Add into the mix a difficult couple of weeks where a loved pet has been very ill and nearly died(sounds silly I know), builders have just finished in the house, and the DH weekly commutes from the continent (work). There is a possible relocation but not for 4-1/2 years because of dc's education which may also be unsettling her.

DD has said she would like to talk to someone neutral like a counsellor. I have no problem getting this organised and believe our private health care will cover it.

I had no idea dd was this upset, that she had self harmed at the weekend.

I am aghast at my incompetence - thought everything was ticking along fine.

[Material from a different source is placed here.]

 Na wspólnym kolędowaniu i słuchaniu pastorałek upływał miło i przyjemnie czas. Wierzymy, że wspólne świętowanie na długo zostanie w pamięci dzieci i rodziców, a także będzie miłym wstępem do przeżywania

Does anyone have experience of this - what happens on a child's school record when they know about this - what should I do; what can I do, why was I so ignorant of what's going on.

DD has had no mood swings, I thought we were very close, she should have had more attention from me in the last few weeks usually we will do something together on a saturday afternoon but things have just prevented it for a two to three weeks.

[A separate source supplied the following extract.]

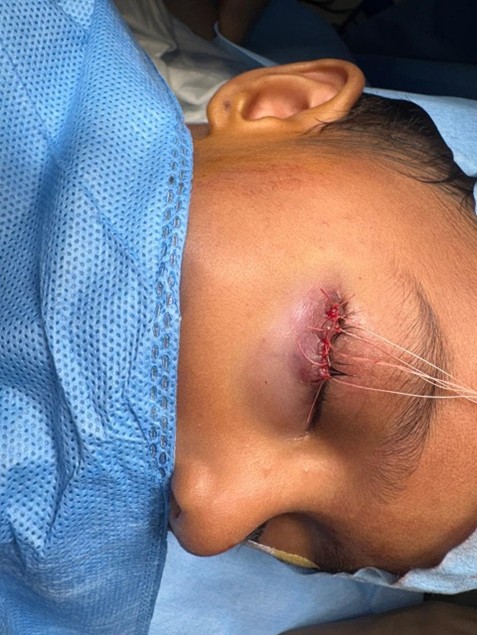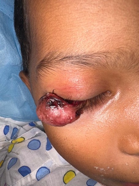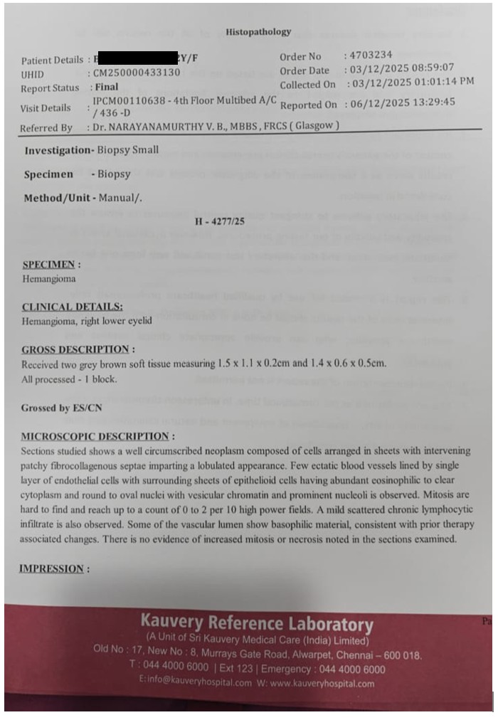 A 2-year-old female child was admitted to a tertiary care hospital for surgical management of a progressively enlarging reddish lesion over the right lower eyelid. The lesion was not present at birth and appeared at around 3 months of age, gradually increasing in size. The child had a history of intermittent bleeding following minor trauma. Prior medical management and intralesional steroid therapy had been attempted at another facility with limited response. The child was admitted for definitive surgical excision.

Sorry this is long - can anyone help.

OP posts:
Honeybee79 · 09/02/2011 15:09

Please don't blame yourself.

Counselling is a great idea for her and try to keep channels of communication open so she can come to you if she needs to. I self harmed as a teenager and came through it - getting some help early on is important.

cory · 09/02/2011 15:45

I think people self-harm for different reasons, with different effects:

for some it is the adrenalin rush, and I believe you can almost get hooked on that

for some, it is just blotting out something unbearable

for others, like dd, it is just a cry for help- when questioned afterwards by CAHMS she said she just felt a bit silly after doing it and it didn't really help at all- but I think we were all aware that she wouldn't have got the CAHMS appointment if she hadn't

tubemap · 09/02/2011 19:52

Thank you all so much - I am deeply touched by support and also by some of your stories.

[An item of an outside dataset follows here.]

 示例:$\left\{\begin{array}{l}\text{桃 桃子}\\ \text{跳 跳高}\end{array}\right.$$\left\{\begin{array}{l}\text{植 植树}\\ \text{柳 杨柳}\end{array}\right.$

It is only fair I think to provide an update when so much help is offered. DD seems much happier tonight although I haven't managed to touch base with teacher because she has been in meetings and so have I.

Health insurance covers counselling and will make an appointment with GP for referral as a matter of urgency. Have spoken to guide leader and DD will transfer to sister pack from Monday. DD has had a good day and has told me she is relieved that I know now and I think this has been caught early and support is coming on in spades. I will be making much more time for dd and quality time from now on and not relying on the fact that she's sensible and no trouble. Have reassured DD that we will not move so far away in near future that she will have to change schools. Please keep all our fingers and toes crossed for us.

With thanks and love.

OP posts:
BlueCollie · 10/02/2011 20:58

I ma really glad that it seems to heading in the right direction and that you ahve caught it early on. Good luck and I'll keep everything crossed for you both.